President of the National Council of Women
- In office 1966–1970

Personal details
- Born: Mavis Ada Gell 25 November 1901 Wellington, New Zealand
- Died: 25 July 1989 (aged 87) London, England
- Spouse: Leslie Walter Tiller ​ ​(m. 1937; died 1981)​
- Children: 3
- Occupation: Women's advocate; scientist;

= Mavis Tiller =

New Zealand's women advocate (1901–1989)

Mavis Ada Tiller (25 November 1901 – 25 July 1989) was a New Zealand women's advocate and scientist. She served as president of the National Council of Women of New Zealand (NCWNZ) from 1966 to 1970.

==Early life and career==
Tiller was born in Wellington. Her father worked for the New Zealand Post and Telegraph Department for some years, but when she was young, the family moved to London.

Tiller attended Bedford College, London, and earned a Bachelor of Science degree (second class honours) in chemistry from the University of London in 1923. After graduating she first worked as science mistress at the Roedean School, Johannesburg, and subsequently worked in the metallurgy department at the National Physical Laboratory in Teddington.
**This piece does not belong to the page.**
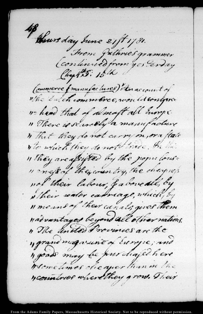 John Quincy Adams diary 4, 9 June 1781 - 27 August 1781, page 48
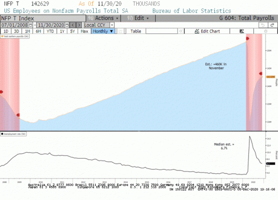 ABD tarafında Kasım ayı istihdamı tahminlerin nerede ise yarısı kadar artış gösterdi. Buna rağmen işsizlik oranının %6.7'e gerilemiş olması pozitifdi. İşgücü piyasası istatistiklerine göre U-3 olarak tanımlanan bu oran toplam işsiz sayısı/toplam sivil işgücü olarak hesaplanıyor. U-3 resmi işsizlik oranı iken U-6 işsizlik oranı göstergesi de istihdam piyasasındaki eğilimi takip için kullanılıyor. U-6 işsizlik oranı içinde toplam işsiz sayısına işsgücüne iş aramaktan vazgeçen kesim ile tam zamanlı iş bulamadıkları için yarı zamanlı çaşılan işgücünü de ekliyor. Kasım ayı U-6 isşizlik oranı %12.0 olarak gerçekleşti. Geçtiğimiz 25 senede ABD'de U-6 ve U-3 işsizlik oranı arasındaki fark %4-5 arasında gerçekleşti. Ekonominin toparlanmaya başlaması ile U-6/U-3 arasındaki fark Eylül ayında %4.9'a geriledi. Sonraki aylarda her iki işsizlik oranı göstergesi de gerilerken aradaki fark E kim ayında %5.0'e Kasım ayında %5.3'e yükseldi. Bu durum iş aramaktan yorulmış ve ya yarı zamanlı çalışan işgücü sayısındaki artış kaynaklı olduğundan 2021 yılında Amerika'da istihdam piyasasının zayıflayacağı yönünde ilk işaret olabilir.

In 1937 she married Leslie Tiller, a fellow New Zealander and scientist, at St Alban's Church. They returned to live in Wellington where they had a daughter, born in 1938, and two sons born in 1941 and 1944.

==Activism==
From the early 1950s, Tiller was involved with many organisations including the Wellington Mothers' Helpers Association, the Women's Migration and Overseas Appointments Society, the NCWNZ, the International Council of Women (ICW), and the United Nations Association of Wellington. From 1961 to 1966 she was the president of the Wellington branch of the NCWNZ, and in 1966 she represented New Zealand at the ICW conference in Tehran. For nearly twenty years she was the president of the Wellington Mothers' Helpers Association and was awarded a life membership for her work.

From 1966 to 1970 she served as the national president of the NCWNZ. She was instrumental in modernising the organisation and in establishing the Parliamentary Watch Committee, which became an effective advocate for women by making submissions on bills and discussion papers. In 1970 she led New Zealand's delegation to the ICW conference in Bangkok. In the 1971 Birthday Honours she was appointed an Officer of the Order of the British Empire for this role. From 1973 to 1982 she served as the vice-convenor, then convenor, of the ICW's Standing Committee on International Relations and Peace. In 1976 she was made a life member of the NCWNZ, the highest award bestowed by the organisation. Also in that year, she received the Adelaide Ristori Prize from the Italian Cultural Centre, a feminist organisation, for outstanding service.

Tiller was appointed to the Royal Commission on Social Security in 1969, which reported in 1972. She was the only woman on the commission and the first woman to sit on a Royal Commission in New Zealand for 30 years. Historian Dorothy Page has said that it was only as a result of Tiller asking the National Development Council at a conference session, "Where are the women?", that Miriam Dell was subsequently appointed as the first woman on the Council in 1969.

In the 1987 New Year Honours Tiller was appointed a Commander of the Order of the British Empire for services to the community.

Tiller died in London, England, on 25 July 1989, at the age of 87. She had been predeceased by her husband, Leslie Tiller, in 1981.